Oracle优化器的工作主要分成3步:
首先, 优化器会尝试把复杂的SQL语句转化较为简单的SQL语句, 通常倾向于转化为表的连接方式.
然后, 优化器会对依据统计信息对SQL语句进行估量, 这些估量主要包括3个方面: Selectivity,
Cardinality和Cost, 这三个方面是相互相关的.
最后, 优化器会尝试各种执行计划并给出一个代价最低的计划.
要想理解优化器如何得到最后的执行计划, 首先就要理解被优化的SQL语句的结构, 这是浅显的道理. 但由于Oracle优化器有时候会对我们的SQL语句进行转化, 这就意味着优化器最终所优化器的对象, 并不一定就是我们最初提供的那个语句. 所以, 现在我们将会开始介绍优化器对SQL语句进行转化时所遵循的一些机制. 由于优化器的复杂远远超出我的认知, 这里我不可能列出所有的机制, 不过我希望至少能够达到这样的效果:
假设您对优化器了解甚少, 在我介绍之前, 您对于某些执行计划的看法可能是:
“我实在不理解这个该死的执行计划是怎么来的”
我希望在我介绍之后, 您的看法会转变为:
“我还是不完全理解这个该死的执行计划是怎么来的, 不过我至少知道这是优化器转化的结果, 我觉得我可以尝试对我的SQL改变一下格式或者使用一些提示”
闲话少叙, 正式开始:
Oracle的优化器对SQL转化的手段包括5种, 我们接下来会对这个方面分别进行说明:
- View Merging
- Predicate Pushing
- Subquery Unnesting
- Query Rewrite with Materialized Views
- OR-expansion
对于每一部分, 我打算都先给大家看一看Oracle官方文档的权威说法 (通常都是摘自Oracle Database Performance Tuning Guide 10g Release2), 然后通过实际的例子进一步说明:
2.1 View Merging
2.1.1 View Merging定义
Each view referenced in a query is expanded by the parser into a separate query block. The query block essentially represents the view definition, and therefore the result of a view. One option for the optimizer is to analyze the view query block separately and generate a view subplan. The optimizer then processes the rest of the query by using the view subplan in the generation of an overall query plan. This technique usually leads to a suboptimal query plan, because the view is optimized separately from rest of the query.
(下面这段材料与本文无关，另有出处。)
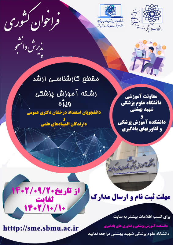 روابط عمومی معاونت آموزش دانشگاه؛ تحصیل هم زمان دانشجویان ممتاز و استعداد درخشان و اعضای هیات علمی تحصیل هم زمان دانشجویان ممتاز و استعداد درخشان و اعضای هیات علمی در رشته کارشناسی ارشد آموزش پزشکی (مجازی) تحصیل هم زمان دانشجویان ممتاز و استعداد درخشان و اعضای هیات علمی لینک ثبت نام دانشجویان: https://medsab.ac.ir/uploads/پذیرش_دانشجوی_ارشد.pdf لینک ثبت نام اعضای هیات علمی https://medsab.ac.ir/uploads/شیوه_نامه_ثبت_نام.pdf
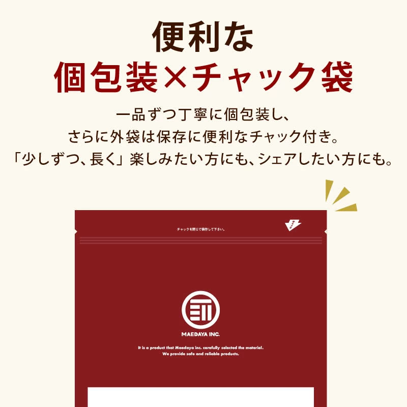 一品ずつ丁寧に個包装。さらに外袋は保存に便利なチャック付きです。

The query transformer then removes the potentially suboptimal plan by merging the view query block into the query block that contains the view. Most types of views are merged. When a view is merged, the query block representing the view is merged into the containing query block. Generating a subplan is no longer necessary, because the view query block is eliminated.
对于SQL里的视图, 优化器可以选择先对视图代表的查询单独优化并生成view本身的执行计划, 在把这个计划和SQL语句其他的部分合并在一起生成最终的执行计划, 当然这种技术往往会产生一个不是最好的计划, 因为视图的优化是单独考虑了, 而没有放到整个SQL环境中通盘考虑.
而Oracle的查询优化器则可以帮助我们把视图代表的查询merge到SQL的其他部分当中, 从而可以更全面的考虑SQL的执行计划.
那么优化器的view merging操作到底是怎么实现的呢? 我们先看一个简单的例子.
首先我们使用的是Oracle 9i提供的一个sample schema: HR, 创建脚本下载:
http://gdcckm.chn.hp.com/teams/ams/asdba/dbcommunity/Shared%20Documents/Others/hr_schema.zip
例一:
我们先对里面employees表视图:
CREATE VIEW emp_10
AS SELECT employee_id, last_name, job_id, manager_id, hire_date, salary,
commission_pct, department_id
FROM employees
WHERE department_id = 10;
我们针对视图emp_10做一个查询:
SELECT employee_id
FROM emp_10
WHERE employee_id > 170;
Execution Plan
----------------------------------------------------------
Plan hash value: 3659898230
-------------------------------------------------------------------------------------------------
| Id | Operation | Name | Rows | Bytes | Cost (%CPU)| Time |
-------------------------------------------------------------------------------------------------
| 0 | SELECT STATEMENT | | 1 | 7 | 2 (0)| 00:00:01 |
|* 1 | TABLE ACCESS BY INDEX ROWID| EMPLOYEES | 1 | 7 | 2 (0)| 00:00:01 |
|* 2 | INDEX RANGE SCAN | EMP_DEPARTMENT_IX | 1 | | 1 (0)| 00:00:01 |
-------------------------------------------------------------------------------------------------
Predicate Information (identified by operation id):
---------------------------------------------------
1 - filter("EMPLOYEE_ID">170)
2 - access("DEPARTMENT_ID"=10)
我们看到的执行计划里面已经看不到emp_10这个视图的名字, 因为视图已经被转化成了针对employees的查询, 转化后的语句应该是这样的(根据10053的输出):
SELECT "EMPLOYEES"."EMPLOYEE_ID" "EMPLOYEE_ID"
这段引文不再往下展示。